#### [DATA TO PROCESS]
§ §
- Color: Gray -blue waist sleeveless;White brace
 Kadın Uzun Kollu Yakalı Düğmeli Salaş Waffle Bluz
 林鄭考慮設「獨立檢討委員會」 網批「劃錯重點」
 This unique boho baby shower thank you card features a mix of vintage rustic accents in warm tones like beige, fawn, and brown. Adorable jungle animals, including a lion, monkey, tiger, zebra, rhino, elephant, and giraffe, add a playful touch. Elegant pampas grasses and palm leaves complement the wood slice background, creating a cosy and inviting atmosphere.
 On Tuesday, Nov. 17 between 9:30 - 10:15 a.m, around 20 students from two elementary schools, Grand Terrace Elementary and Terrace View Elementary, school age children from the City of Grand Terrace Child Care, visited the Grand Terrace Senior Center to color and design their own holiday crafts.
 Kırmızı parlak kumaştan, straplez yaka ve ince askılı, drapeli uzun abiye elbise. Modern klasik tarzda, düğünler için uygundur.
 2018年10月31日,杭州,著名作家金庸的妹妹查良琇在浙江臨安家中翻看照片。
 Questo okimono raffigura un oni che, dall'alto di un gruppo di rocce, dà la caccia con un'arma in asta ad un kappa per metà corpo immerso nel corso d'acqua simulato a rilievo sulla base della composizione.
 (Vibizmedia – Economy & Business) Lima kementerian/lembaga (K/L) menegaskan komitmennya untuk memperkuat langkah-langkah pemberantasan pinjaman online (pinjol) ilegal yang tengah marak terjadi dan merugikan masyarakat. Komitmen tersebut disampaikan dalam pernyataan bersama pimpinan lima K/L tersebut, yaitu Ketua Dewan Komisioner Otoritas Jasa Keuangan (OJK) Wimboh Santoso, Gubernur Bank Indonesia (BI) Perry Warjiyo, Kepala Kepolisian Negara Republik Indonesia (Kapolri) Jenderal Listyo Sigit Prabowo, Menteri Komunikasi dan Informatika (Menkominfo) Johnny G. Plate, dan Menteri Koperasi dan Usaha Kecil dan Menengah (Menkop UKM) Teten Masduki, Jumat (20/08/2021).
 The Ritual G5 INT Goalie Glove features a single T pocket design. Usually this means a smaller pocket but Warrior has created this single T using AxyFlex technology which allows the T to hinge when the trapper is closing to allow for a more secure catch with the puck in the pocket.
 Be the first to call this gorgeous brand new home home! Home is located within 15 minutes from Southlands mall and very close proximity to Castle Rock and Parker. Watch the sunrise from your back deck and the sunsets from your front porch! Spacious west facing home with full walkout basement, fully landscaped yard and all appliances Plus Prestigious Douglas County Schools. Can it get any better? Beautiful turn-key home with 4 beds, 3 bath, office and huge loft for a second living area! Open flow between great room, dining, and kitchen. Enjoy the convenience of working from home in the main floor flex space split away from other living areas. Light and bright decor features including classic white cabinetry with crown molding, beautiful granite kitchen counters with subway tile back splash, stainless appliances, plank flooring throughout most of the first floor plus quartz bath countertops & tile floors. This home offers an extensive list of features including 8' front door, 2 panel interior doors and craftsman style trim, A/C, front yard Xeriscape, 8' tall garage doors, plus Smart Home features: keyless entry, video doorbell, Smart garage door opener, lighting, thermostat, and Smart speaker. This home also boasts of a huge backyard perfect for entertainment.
§ §
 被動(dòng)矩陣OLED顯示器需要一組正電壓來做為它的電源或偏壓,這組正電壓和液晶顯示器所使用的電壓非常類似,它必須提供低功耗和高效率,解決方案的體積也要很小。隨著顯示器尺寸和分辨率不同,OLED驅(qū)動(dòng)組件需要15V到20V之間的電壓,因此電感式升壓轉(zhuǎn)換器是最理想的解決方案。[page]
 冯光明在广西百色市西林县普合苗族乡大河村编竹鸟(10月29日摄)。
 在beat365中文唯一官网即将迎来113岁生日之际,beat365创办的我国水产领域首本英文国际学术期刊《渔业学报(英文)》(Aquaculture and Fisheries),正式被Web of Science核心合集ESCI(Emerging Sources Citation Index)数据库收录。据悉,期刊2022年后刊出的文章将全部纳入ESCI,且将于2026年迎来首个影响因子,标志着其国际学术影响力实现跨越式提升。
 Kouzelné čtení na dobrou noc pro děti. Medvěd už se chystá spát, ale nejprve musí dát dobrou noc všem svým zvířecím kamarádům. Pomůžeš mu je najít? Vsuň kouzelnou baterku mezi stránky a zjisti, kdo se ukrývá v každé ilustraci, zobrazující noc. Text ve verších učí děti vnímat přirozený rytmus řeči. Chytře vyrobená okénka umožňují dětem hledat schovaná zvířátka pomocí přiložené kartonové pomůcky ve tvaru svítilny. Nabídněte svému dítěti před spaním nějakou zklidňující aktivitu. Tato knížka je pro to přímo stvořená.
§ §
#### [ASSIGNED TASK]
Only the lines above from the one with "冯光明在广西百色市西林县普合苗族乡大河村编竹鸟(10月29日摄)。" through the one with "and Fisheries),正式被Web of" should be duplicated, character for character.

#### [SOLUTION BELOW]
 冯光明在广西百色市西林县普合苗族乡大河村编竹鸟(10月29日摄)。
 在beat365中文唯一官网即将迎来113岁生日之际,beat365创办的我国水产领域首本英文国际学术期刊《渔业学报(英文)》(Aquaculture and Fisheries),正式被Web of Science核心合集ESCI(Emerging Sources Citation Index)数据库收录。据悉,期刊2022年后刊出的文章将全部纳入ESCI,且将于2026年迎来首个影响因子,标志着其国际学术影响力实现跨越式提升。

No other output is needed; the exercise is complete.